The Mul-Chu-Tha was established in 1962, as a fundraising effort to build a swimming pool for the community. Members of the community participated in activities such as foot races, a wood chopping contest, a small carnival and a fashion show featuring clothing made by community members. The Miss Gila River Pageant was established and girls were chose by their districts to compete for the title of Miss Gila River. Since its existence Mul-Chu-Tha has grown to become one of the most highly recognized tribal fairs in Indian Country.
The Mul-Chu-Tha Fair is celebrated in Sacaton, Arizona. This fair has a strong history of the Community spirit and dedication to create an enjoyable and positive event for everyone to enjoy.

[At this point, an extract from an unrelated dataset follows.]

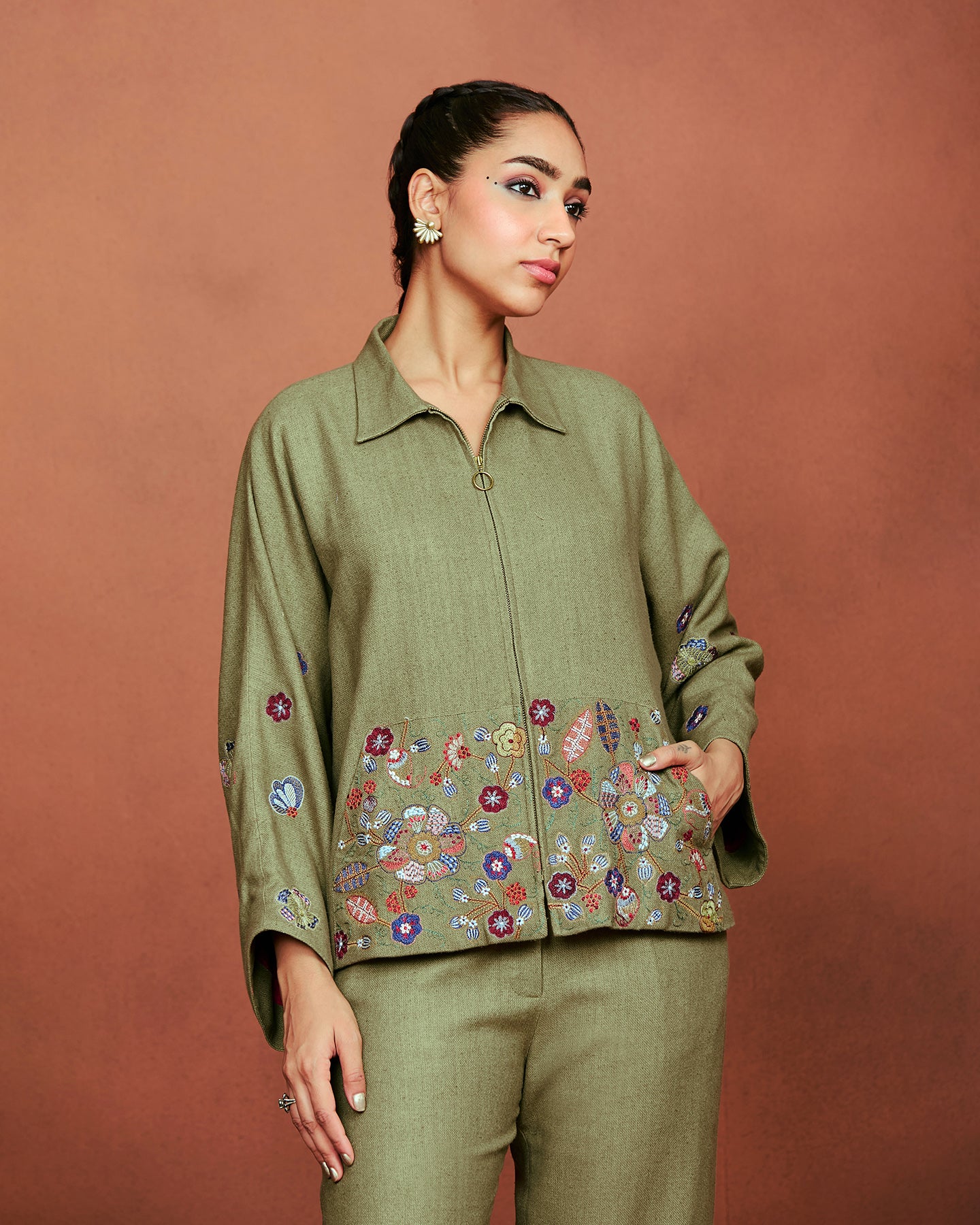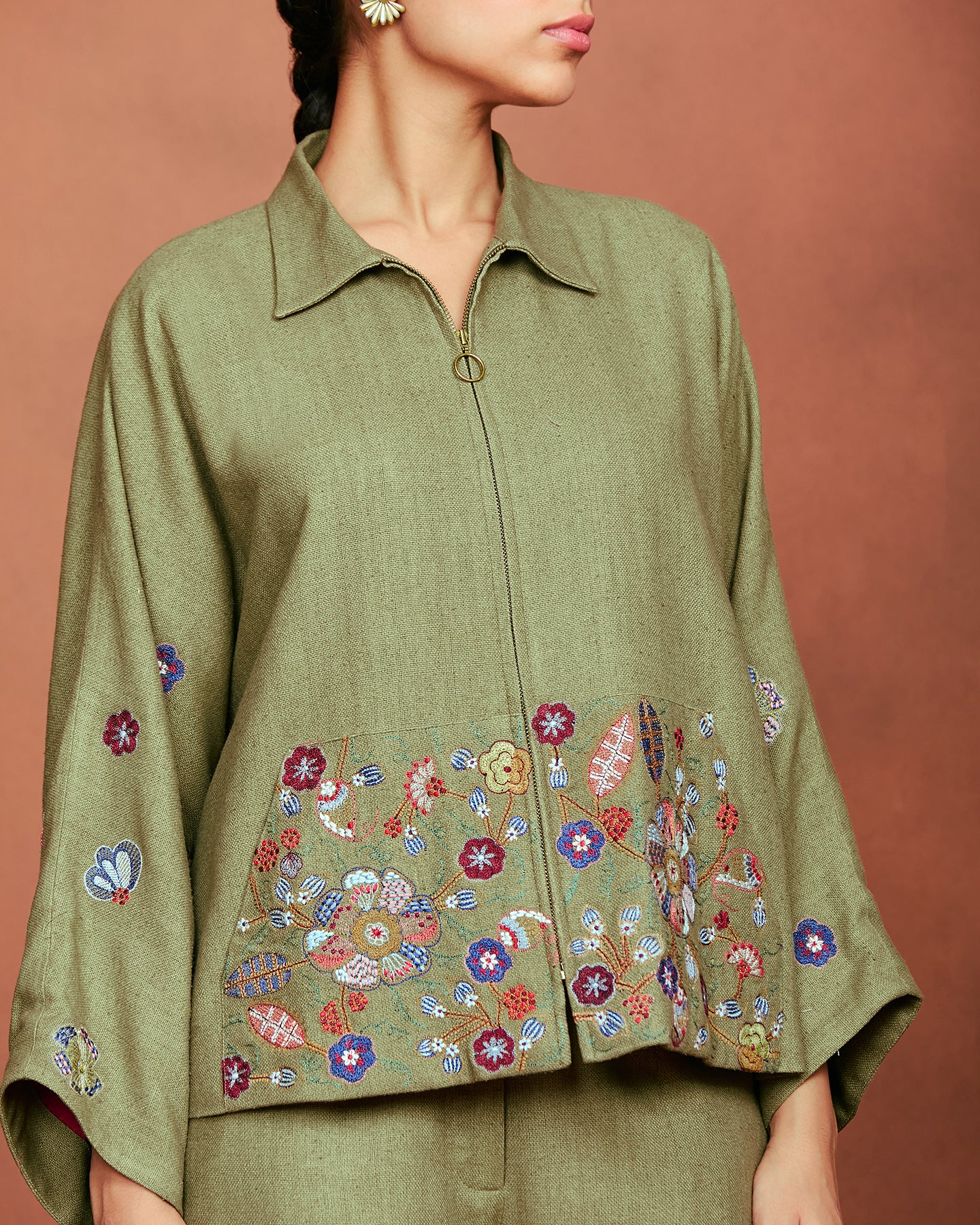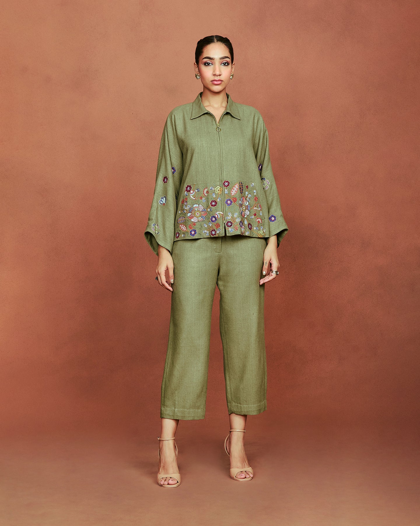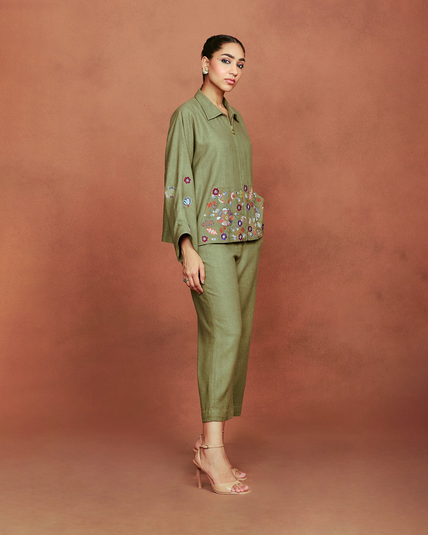 This is an olive green matka silk co-ordinate set. The jacket features a classic shirt collar with front zip, kimono sleeves, and kangaroo pockets. It is paired with straight fit pants having functional side pockets. The set is adorned with a beautiful floral pattern using silk thread embroidery.

The Gila River Indian Community has a long history that dates back to the ancient HuHuKam who first farmed this land around 300 B.C. Following in their footsteps are the Akimel O’Odham (Pima tribe) and the Pee Posh (Maricopa) who now reside on the 372,000 acres that is divided into seven districts.
Looking back on the history of the Mul-Chu-Tha Fair, the Community has shown their determination to find progress for their people. Mary Blackwater is one of the Community members that worked on the first annual Mul-Chu-Tha Fair in 1962. The idea started when a group of tribal employees ate lunch together and shared conversation about their youth. The tribal workers had a variety of backgrounds because they were from the Community, outside Gila River and both Indian and non-Indian. During one of their lunch conversations, they talked about how they would swim in the (water) ditch for fun. Someone made the suggestion that it would be nice to have a swimming pool for the children and the Community. The pool would provide a place for the kids to have fun and hold activities. At the time there was a need to have positive events and activities for the youth and encourage family interaction.

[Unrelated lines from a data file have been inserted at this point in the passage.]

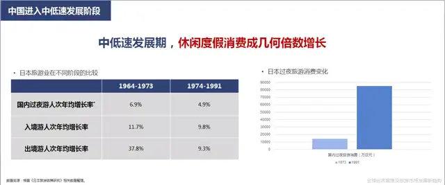 而在這期間,日本旅游業(yè)發(fā)生了什么變化?在低速期,日本過夜旅游人次也就是休閑度假的消費,雖然人次增速降低了,但是根據(jù)《日本旅游政策白皮書》數(shù)據(jù)顯示,日本過夜旅游總消費在1973年低速期和1990年高速期差距是5.89倍,中低速期休閑度假消費成幾何倍數(shù)增長。
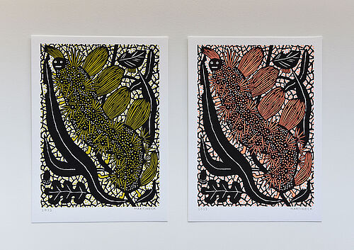 Die Jahresgabe wurde im Jahr 2022 von Sophia Martineck, Professorin am Studiengang Kommunikationsdesign und Medien, insbesondere Künstlerische Grundlagen, insbesondere Zeichnen und Illustration erstellt – Scherenschnitt und Siebdruck.
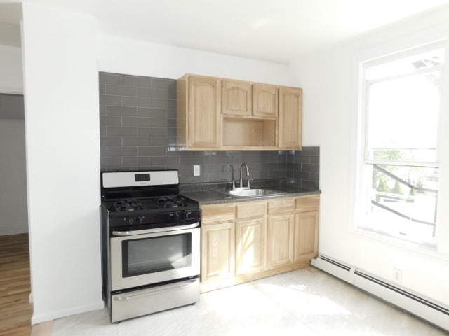 Beautiful modern two bedroom apartment with eat in kitchen located on quiet dead end block of Obrien Ct. and right next to 16th street park! HEAT AND HOT WATER INCLUDED! Intercom system for tenants convenience. Storage & coin operated washer/dryer in basement. Not far from all transportation.
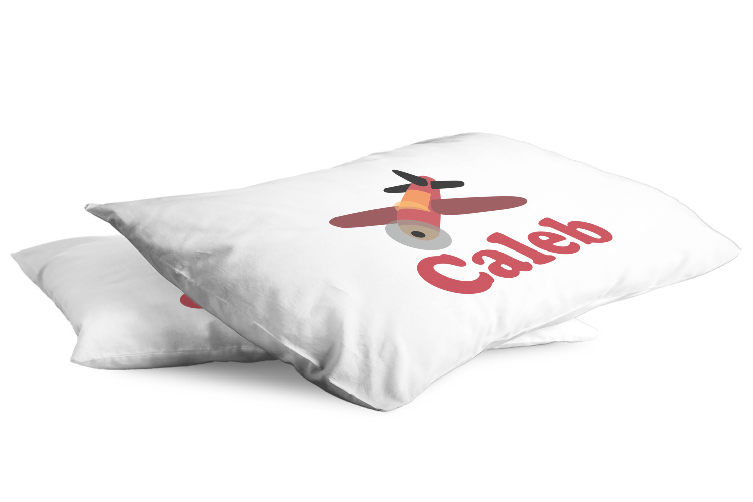 Calling all aviation enthusiast! Soaring through on a backdrop of a beautiful blue cloudy sky is our fun flying plane brightly colored in shades of reds and oranges. Don't forget to add that special touch by customizing the design with the name of your choice.

The lunch group continued to discuss a variety of ideas to get funding for a community pool. It was suggested to have a community fair to raise funds. More discussion took place and the tribal workers thought it was a great idea. A social worker for the Community by the name of Donna Tidman gave several suggestions on how to gets sponsors for the fair. They knew that a lot of money would be needed to build a big pool for the Community, so they thought BIG. They decided to put together a fair and invite the whole valley to come to the Gila River Indian Community.
The volunteer committee and lunch partners continued discussion about the naming of the fair and they wanted a traditional name to reflect the culture of the People. The final decision was “Mul-Chu-Tha,” which means foot races in Pima. The understanding behind “Mul-Chu-Tha” is that the Pima used to have foot races for entertainment and the participants would run from village-to-village or district-to-district. Since that was an activity of the tribe to share entertainment, news or tribal events, they felt that the name was appropriate for the Community.

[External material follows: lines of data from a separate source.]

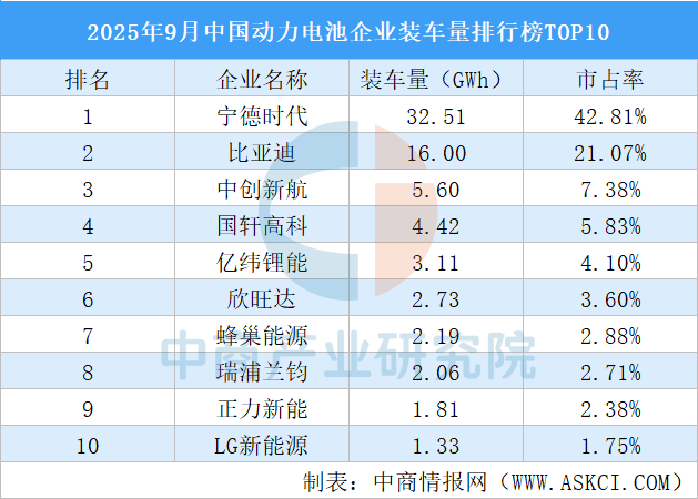中商情報(bào)網(wǎng)訊:9月,我國(guó)動(dòng)力電池裝車(chē)量76.0GWh,環(huán)比增長(zhǎng)21.6%,同比增長(zhǎng)39.5%。TOP10企業(yè)動(dòng)力電池裝車(chē)量合計(jì)71.76GWh,市占率合計(jì)94.51%。
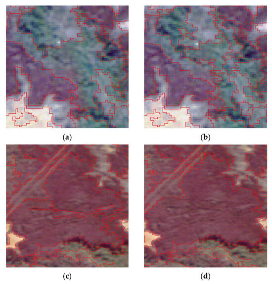 As shown in Figure 5, the object in (a) was too large, mixing P.a and T.c into one object. In (b), S.s was divided into two objects. However, optimized images (b) and (d) can effectively reduce the occurrence of this phenomenon. Because S.s is often a large area with a dense shape, the mixed phenomenon of P.a and T.c in the image is more obvious, and the distribution is relatively fragmented. Usually, the segmentation effect is based on the ability to distinguish the smallest shape of the ground. Therefore, S.s will still have over-segmentation.
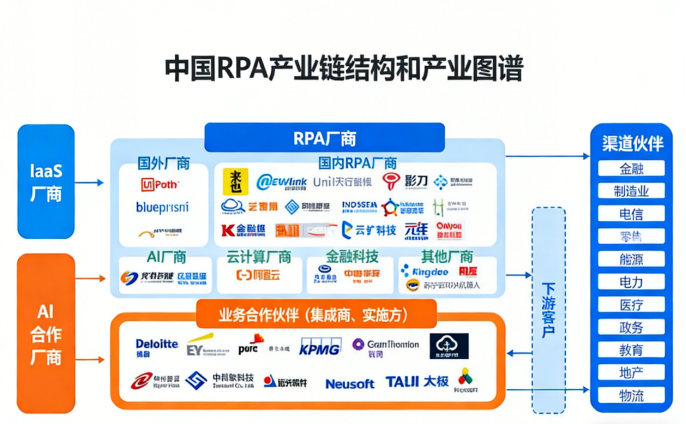 RPA产业链主要参与者有四大类:RPA厂商、技术合作伙伴、业务合作伙伴、渠道合作伙伴。

The most interesting part of the first fair was that they held the traditional O’odham game of “toka,” which today could be considered to be similiar to lacrosse. A big draw of the crowds were the matachina dancers. The Mul-Chu-Tha Fair was supported in years to come to help promote unity within the Community. The fair has also continued to blossom since that simple beginning of those few who wanted to find a way to make their Community a more enjoyable place and provide fun a little fun for everyone.
The Fair continues its efforts of the Community in celebrating their people, their families, their friends, and neighbors in “Honoring Our Ancestors".